Output, please, exactly those lines of the listing that come before the line with "I paid with", along with that line itself.

Available data -

- - - -

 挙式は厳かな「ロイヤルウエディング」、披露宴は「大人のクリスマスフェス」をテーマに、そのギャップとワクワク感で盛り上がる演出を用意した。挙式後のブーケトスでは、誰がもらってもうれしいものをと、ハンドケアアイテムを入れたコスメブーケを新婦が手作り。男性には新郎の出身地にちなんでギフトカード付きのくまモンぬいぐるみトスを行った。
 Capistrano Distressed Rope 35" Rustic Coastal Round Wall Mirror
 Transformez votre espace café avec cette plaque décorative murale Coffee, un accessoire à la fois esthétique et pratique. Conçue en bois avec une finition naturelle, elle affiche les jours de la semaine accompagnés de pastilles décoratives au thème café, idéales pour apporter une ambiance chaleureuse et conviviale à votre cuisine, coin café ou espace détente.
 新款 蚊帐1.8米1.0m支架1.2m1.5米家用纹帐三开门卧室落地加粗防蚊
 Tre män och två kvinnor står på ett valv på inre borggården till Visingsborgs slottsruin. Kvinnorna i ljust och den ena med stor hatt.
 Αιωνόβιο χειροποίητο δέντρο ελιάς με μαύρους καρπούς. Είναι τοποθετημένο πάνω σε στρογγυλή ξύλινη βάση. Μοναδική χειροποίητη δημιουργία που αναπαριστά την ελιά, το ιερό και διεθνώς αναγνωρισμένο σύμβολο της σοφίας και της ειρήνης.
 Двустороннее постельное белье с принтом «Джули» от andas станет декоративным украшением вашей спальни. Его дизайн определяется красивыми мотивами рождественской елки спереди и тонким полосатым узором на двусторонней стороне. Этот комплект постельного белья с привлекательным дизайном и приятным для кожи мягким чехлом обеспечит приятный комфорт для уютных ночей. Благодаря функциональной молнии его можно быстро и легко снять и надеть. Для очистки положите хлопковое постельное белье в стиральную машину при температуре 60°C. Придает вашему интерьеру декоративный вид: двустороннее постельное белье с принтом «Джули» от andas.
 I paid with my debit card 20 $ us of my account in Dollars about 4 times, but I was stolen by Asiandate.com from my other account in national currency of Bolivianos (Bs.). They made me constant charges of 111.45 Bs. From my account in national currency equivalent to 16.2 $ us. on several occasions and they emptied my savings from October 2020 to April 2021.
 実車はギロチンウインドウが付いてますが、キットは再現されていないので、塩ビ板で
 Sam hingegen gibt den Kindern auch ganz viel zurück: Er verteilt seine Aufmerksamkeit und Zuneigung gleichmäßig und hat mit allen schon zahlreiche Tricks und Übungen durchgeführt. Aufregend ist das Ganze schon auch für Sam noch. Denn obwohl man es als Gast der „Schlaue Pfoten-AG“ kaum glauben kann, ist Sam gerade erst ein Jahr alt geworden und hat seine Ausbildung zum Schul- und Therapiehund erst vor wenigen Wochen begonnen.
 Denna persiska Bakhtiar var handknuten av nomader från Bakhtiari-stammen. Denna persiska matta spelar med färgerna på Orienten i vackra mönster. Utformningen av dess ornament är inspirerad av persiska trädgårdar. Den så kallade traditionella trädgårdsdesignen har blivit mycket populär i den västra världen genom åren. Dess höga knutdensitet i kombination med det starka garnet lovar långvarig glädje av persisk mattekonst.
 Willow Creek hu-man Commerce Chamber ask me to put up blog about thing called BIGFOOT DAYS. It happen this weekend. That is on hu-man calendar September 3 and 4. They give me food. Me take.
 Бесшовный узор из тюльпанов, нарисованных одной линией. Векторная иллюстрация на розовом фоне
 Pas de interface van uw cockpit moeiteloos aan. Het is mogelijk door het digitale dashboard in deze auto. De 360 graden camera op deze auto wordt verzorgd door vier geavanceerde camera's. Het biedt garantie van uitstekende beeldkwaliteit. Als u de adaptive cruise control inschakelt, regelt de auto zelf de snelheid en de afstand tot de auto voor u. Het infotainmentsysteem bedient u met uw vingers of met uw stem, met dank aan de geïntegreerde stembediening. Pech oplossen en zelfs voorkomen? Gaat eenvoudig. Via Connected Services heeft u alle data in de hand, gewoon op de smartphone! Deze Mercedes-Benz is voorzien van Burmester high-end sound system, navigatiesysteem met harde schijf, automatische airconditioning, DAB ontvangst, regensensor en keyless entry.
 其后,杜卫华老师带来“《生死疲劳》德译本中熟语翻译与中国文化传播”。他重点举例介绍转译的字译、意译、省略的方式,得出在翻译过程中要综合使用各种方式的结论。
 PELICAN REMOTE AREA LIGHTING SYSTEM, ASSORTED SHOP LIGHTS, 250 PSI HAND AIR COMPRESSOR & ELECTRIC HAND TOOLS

- - - -

Worked solution -
 挙式は厳かな「ロイヤルウエディング」、披露宴は「大人のクリスマスフェス」をテーマに、そのギャップとワクワク感で盛り上がる演出を用意した。挙式後のブーケトスでは、誰がもらってもうれしいものをと、ハンドケアアイテムを入れたコスメブーケを新婦が手作り。男性には新郎の出身地にちなんでギフトカード付きのくまモンぬいぐるみトスを行った。
 Capistrano Distressed Rope 35" Rustic Coastal Round Wall Mirror
 Transformez votre espace café avec cette plaque décorative murale Coffee, un accessoire à la fois esthétique et pratique. Conçue en bois avec une finition naturelle, elle affiche les jours de la semaine accompagnés de pastilles décoratives au thème café, idéales pour apporter une ambiance chaleureuse et conviviale à votre cuisine, coin café ou espace détente.
 新款 蚊帐1.8米1.0m支架1.2m1.5米家用纹帐三开门卧室落地加粗防蚊
 Tre män och två kvinnor står på ett valv på inre borggården till Visingsborgs slottsruin. Kvinnorna i ljust och den ena med stor hatt.
 Αιωνόβιο χειροποίητο δέντρο ελιάς με μαύρους καρπούς. Είναι τοποθετημένο πάνω σε στρογγυλή ξύλινη βάση. Μοναδική χειροποίητη δημιουργία που αναπαριστά την ελιά, το ιερό και διεθνώς αναγνωρισμένο σύμβολο της σοφίας και της ειρήνης.
 Двустороннее постельное белье с принтом «Джули» от andas станет декоративным украшением вашей спальни. Его дизайн определяется красивыми мотивами рождественской елки спереди и тонким полосатым узором на двусторонней стороне. Этот комплект постельного белья с привлекательным дизайном и приятным для кожи мягким чехлом обеспечит приятный комфорт для уютных ночей. Благодаря функциональной молнии его можно быстро и легко снять и надеть. Для очистки положите хлопковое постельное белье в стиральную машину при температуре 60°C. Придает вашему интерьеру декоративный вид: двустороннее постельное белье с принтом «Джули» от andas.
 I paid with my debit card 20 $ us of my account in Dollars about 4 times, but I was stolen by Asiandate.com from my other account in national currency of Bolivianos (Bs.). They made me constant charges of 111.45 Bs. From my account in national currency equivalent to 16.2 $ us. on several occasions and they emptied my savings from October 2020 to April 2021.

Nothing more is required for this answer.